Lifelong education doesn’t follow just from the truth that there’s always more to know, but also from the truth that the world is constantly changing and we must be forever fitting ourselves to a new reality.
It’s not that there’s a finite amount of knowledge, though very large, and we might, if we studied long enough eventually know it all. The reality is that the amount of knowledge available to know is constantly expanding. Each day is a new day. Something new is always coming in to being. We’re called to lifelong learning because you can’t possibly know now what you might need to know in a future world that hasn’t been created yet.
And, I would say, for many of the lessons the church has to teach, we’re not simply filling ourselves up with facts we need to know, we’re laying out lessons we need to practice.
I know I should be kind. Lifelong learning means practicing kindness again and again in ever new circumstances. To be just requires context. Justice for who, how? What’s the wrong we’re trying to right? What are the complications because justice is rarely simple? Tell me more..
The church is the place where we’re reminded to be kind and just. Where we are asked to return to kindness when our inclination is otherwise. Held accountable for our failings. And then urged to re-commit.
All of us, whatever our age, are traveling on a life-long journey. A mission of the church, is to give to each of us, the tools we need to take the next step on our journey.
Lifelong religious education is giving each of us a backpack to carry with us on our way and filling that backpack with useful tools as we encounter the experiences of our unfolding life.
How do I make a friend?
How do express my true self?
How do I challenge my limits but keep myself safe?
Where will I find the courage?
Who can I trust?
What if I lose? What if I win?
How do I go on? How do I start again?
Who can I help? And who will help me?
How do I find love?
How can I bear the loss of love?
And so we open our backpack and shuffle through the contents. Here is what other people have done in a situation like this. Here is wisdom from scripture. Here is what the minister had to say on the subject. Here is that lesson from Sunday school. Here is what I learned singing in choir, and sitting through congregational meetings, and watching who stayed after to clean the kitchen and noticing the spirit they had as they did the job.
Here is the notebook in my life’s journey backpack titled, “What my faith has taught me.” With blank pages at the back still to be filled.
The full backpack, heavy on our shoulders, give us comfort and confidence.
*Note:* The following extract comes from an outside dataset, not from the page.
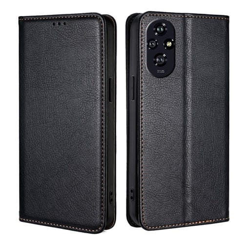 Funda de Cuero Magnética para Honor 200 5G con Acabado Brillante y Aceite Sólido (Negro)
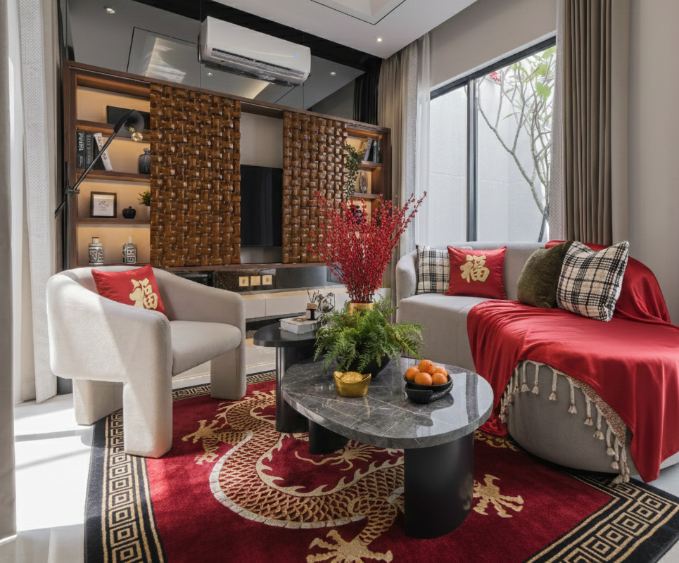 Kehadiran karpet merah bermotif oriental menjadi elemen yang langsung mengikat seluruh tampilan ruang. Diletakkan di area ruang tamu atau ruang keluarga, karpet berfungsi sebagai dasar visual yang mempertegas suasana Imlek sekaligus menyatukan furnitur agar terlihat lebih rapi dan berkelas.

I’m prepared. I’m ready. I can do this.
I can grow from kid to teen to youth to young adult to older adult to senior. I can negotiate a life of jobs and relationships and gorgeous beauty and heartbreaking tragedy. I can handle bad news with resilience, and success with grace. Because I received and continue to receive a solid religious education, I am secure in my faith that I am good enough, strong enough, and smart enough, to make a life of health and joy for myself, and for others, and for the world we share.
My faith travels with me. My community travels with me. Each on our own journey, still, we walk together.
Though the future is unknown, and the path empty until we take a step into space, the church has done its job, and we’ve done ours, and so we go, knowing what we know, to find what we will find.